Modified effective butterfly optimizer for solving optimal power flow problem

Abstract

The optimal power flow (OPF) problem remains a popular and challenging work in optimizing power systems. Although researchers have suggested many optimization algorithms to solve this problem in the literature, their comparison studies lack fairness and transparency. As these studies increase in number, they deviate from a standard test system, considering a common security and technical constraints., there is a growing trend away from a standard test system. Different studies used different search ranges for the same decision and constraint parameters, different than the standard ranges suggested by IEEE systems. This caused many unfair comparisons in literature. Furthermore, these studies are generally not transparent enough so that their results cannot be verified. This has resulted in numerous infeasible solutions in the literature, violating the limits of constraint parameters. The recent incorporating of renewable energy sources in OPF studies has made this situation more complicated.
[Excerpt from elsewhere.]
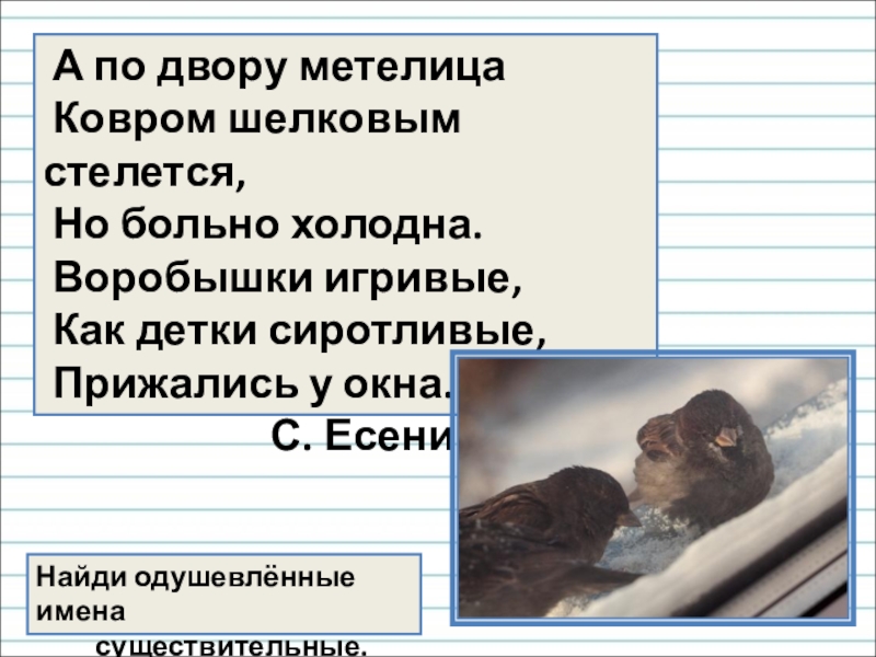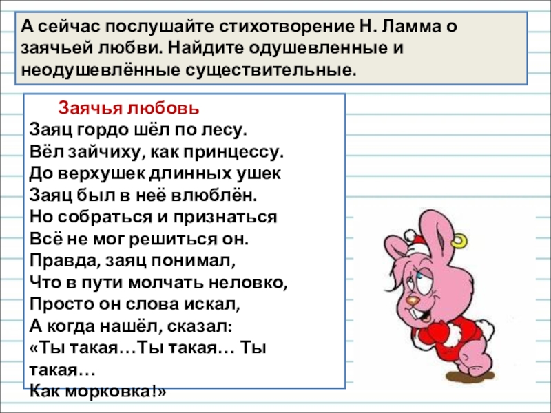 А сейчас послушайте стихотворение Н. Ламма о заячьей любви. Найдите одушевленные и неодушевлённые существительные.
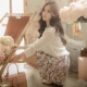 夏装2017新款女韩版两件套小清新印花时尚套装裙女夏蝴蝶结连衣裙

Sorting through the literature and identifying those OPF applications having exactly the same test conditions is a challenging process. The main contribution is this paper adapts the modified effective butterfly algorithm (MEBO) to solve OPF problem under the common parameter constraints and sufficient transparency. The focus is on a transparent comparison with works in the literature with the same constraint values. This paper compares the performance of the proposed algorithm with other state-of-the-art algorithms in the literature, focusing on the wind energy and without wind energy IEEE 30-bus and IEEE 57-bus systems and the most commonly used constraints. The results demonstrate the efficiency and superiority of the proposed algorithm. For instance, in the 30-bus test system, compared to the initial case, fuel cost has been reduced by 11.42 %, emission by 14.33 %, L-index by 45.10 %, active power losses by 51.60 %, and voltage deviation by 92.70 %.